Last night, I reached over during my insomniac reading period and pulled down Volume III of Douglas Southall Freeman's classic, Lee's Lieutenants. The volume fell open to this paragraph about the fighting around Culp's Hill at Gettysburg:
Despite this inequality of firepower, Confederate losses were light. Steuart had his men well in hand and he instructed them to keep under cover. When his ammunition ran low, one of his staff took three men from the ranks, walked more than a mile to the ordnance train and brought back two large boxes of cartridges to the foot of the hill.
(MBV: Likely two 1000 round crates of .58 caliber minie ball cartridges as pictured above each weighing 96 pounds. This was heavy enough to be sure yet this wasn't much per man when distributed along the firing line. However it was likely all the four men could carry between them -- too bad they didn't have some pack mules.)

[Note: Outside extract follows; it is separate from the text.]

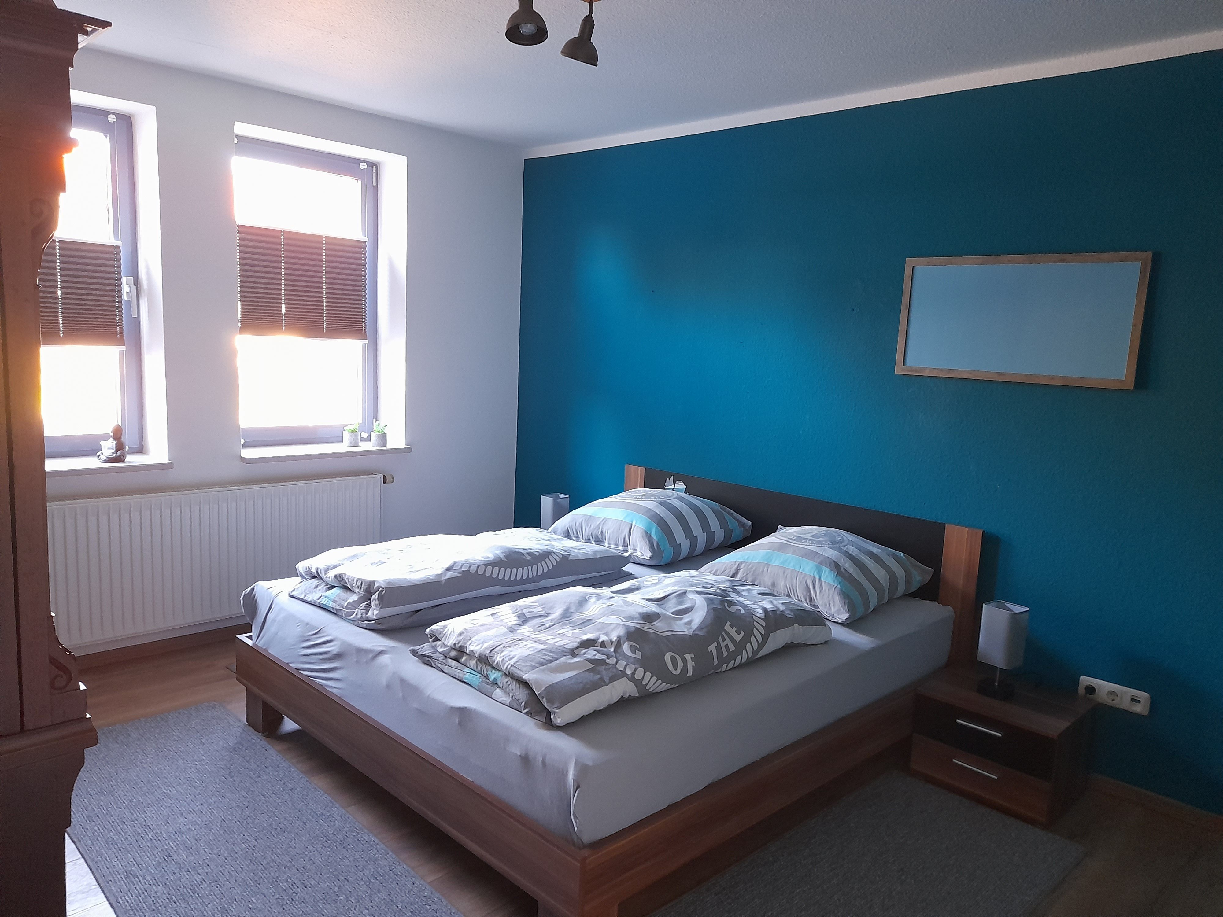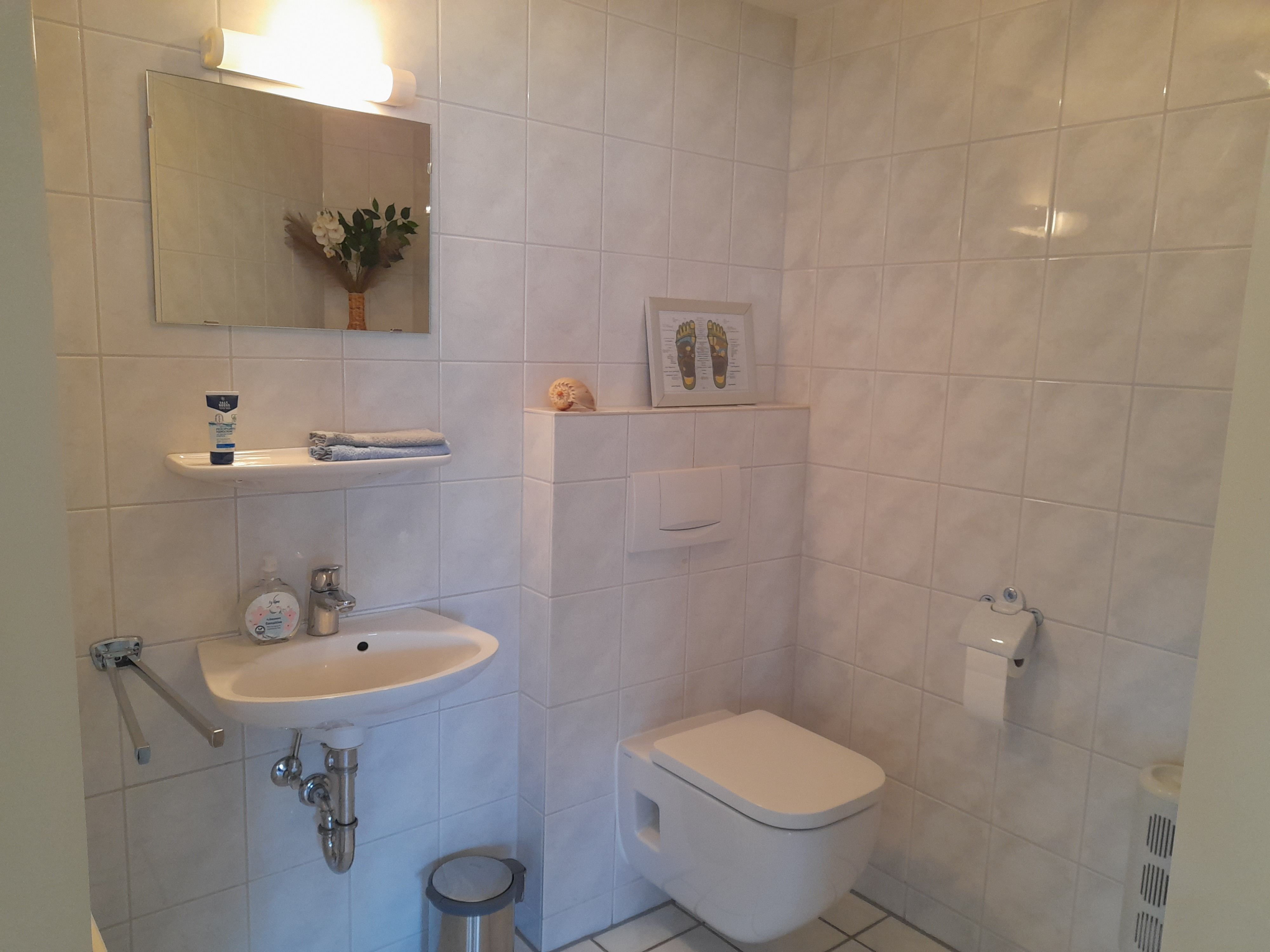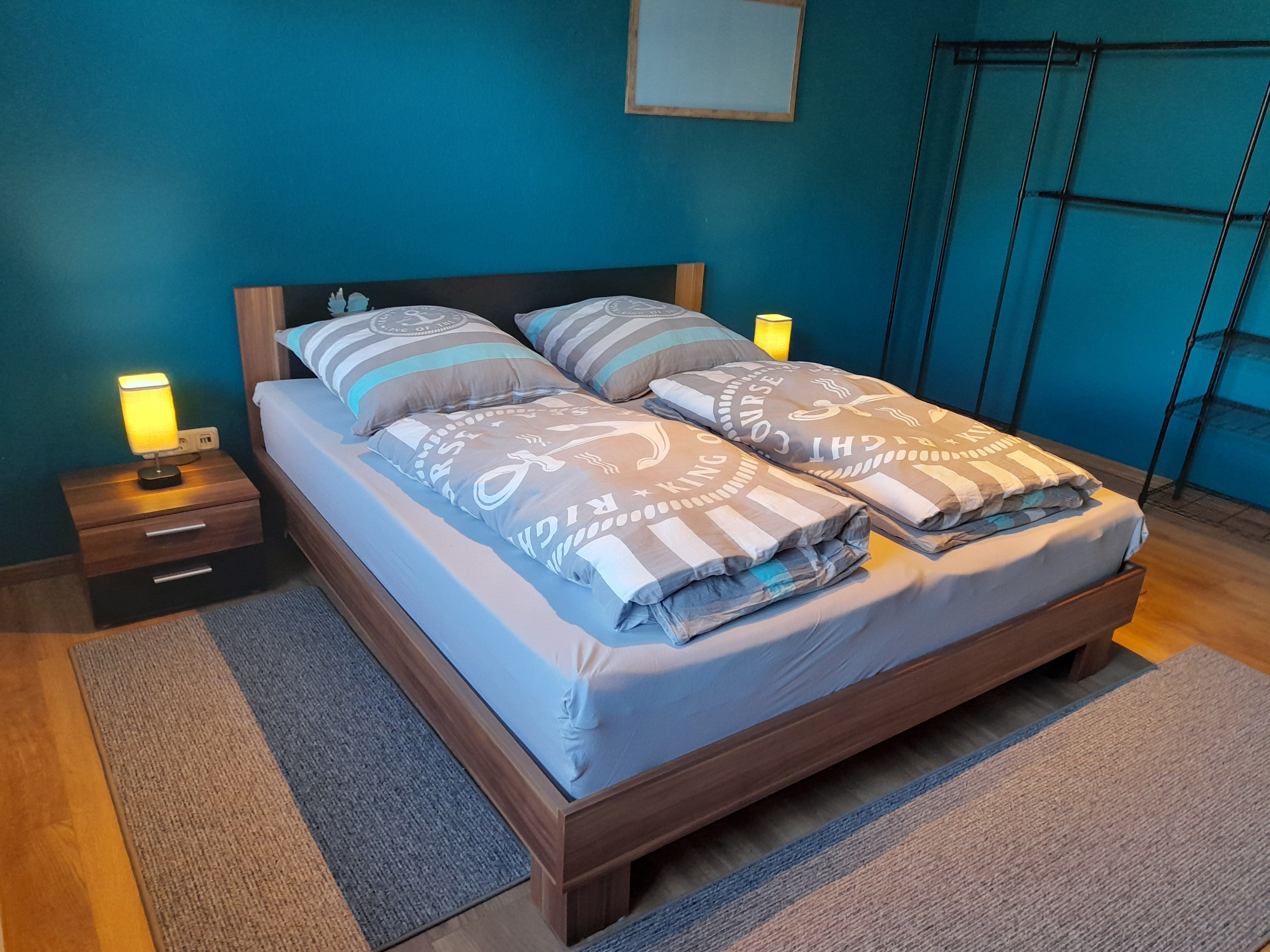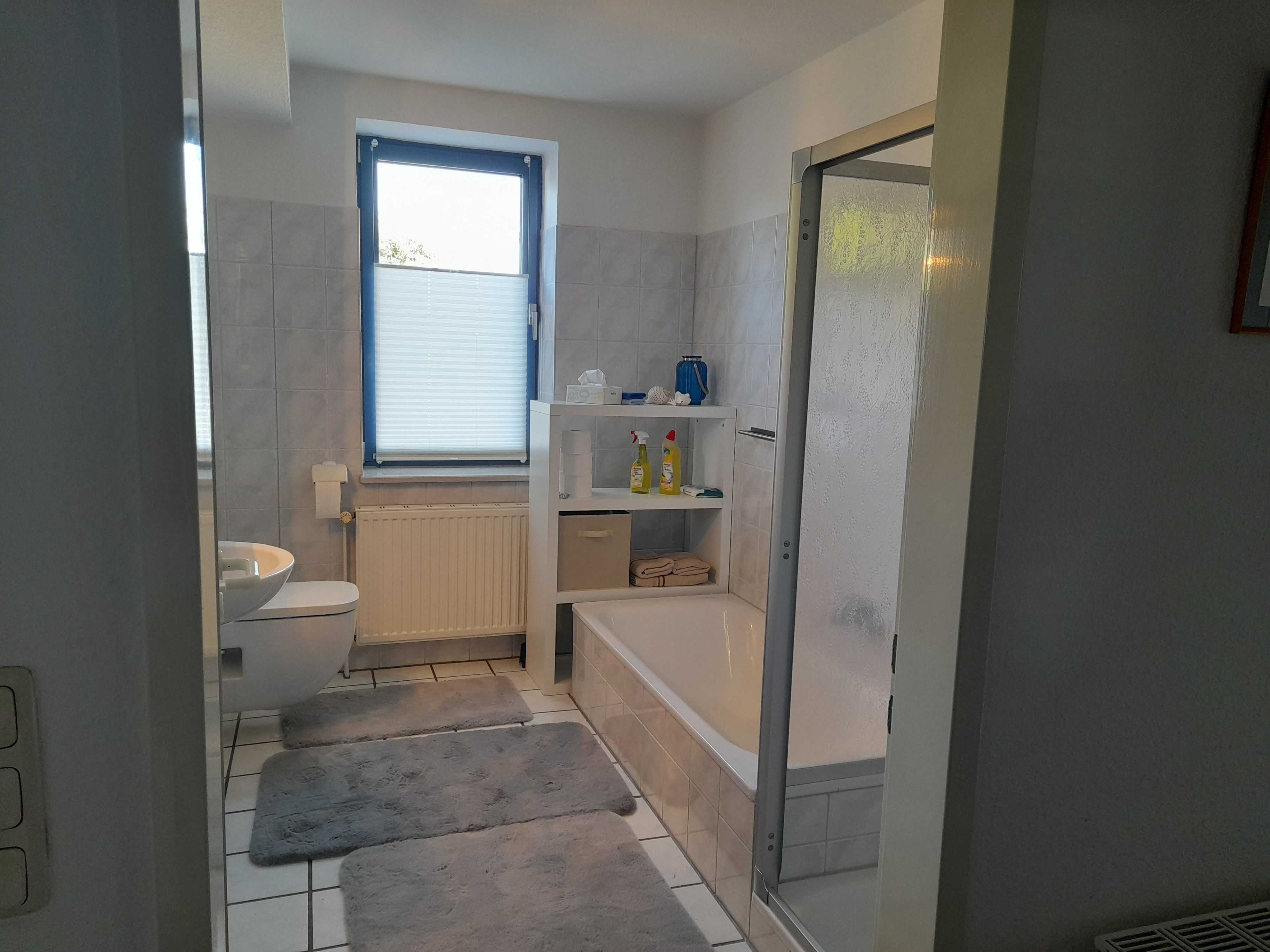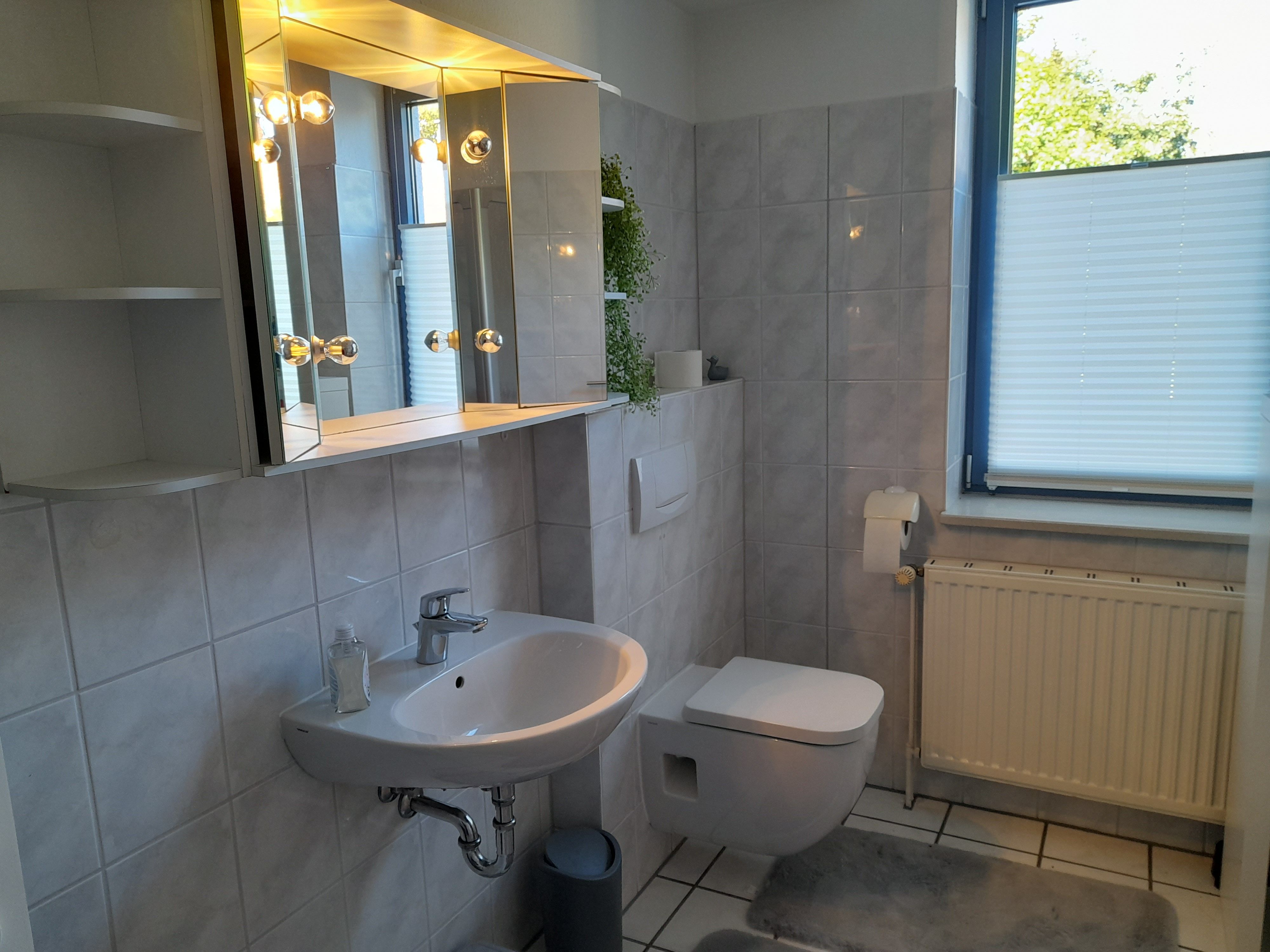 Ab Küche gelangen Sie in den Flur, von dem aus die beiden Schlafräume - einer mit Doppelbett und einer mit einem Einzelbett und einer Schlafcouch - und das helle freundliche Fenster-Bad - mit Dusche und Badewanne - abzweigen. Ein weiterer Fernseher steht im Einzelbettschlafraum bereit.

There they dumped the cartridges into a blanket, slung the blanket on a sapling and mounted the hill with the sapling over their shoulders. (Page 142.)
Note that this improvisation is evidence that neither the staff nor the ordnance train officers thought ahead to supply the troops during the night the unit spent on the hill before dawn. Proper planning prevents piss-poor performance.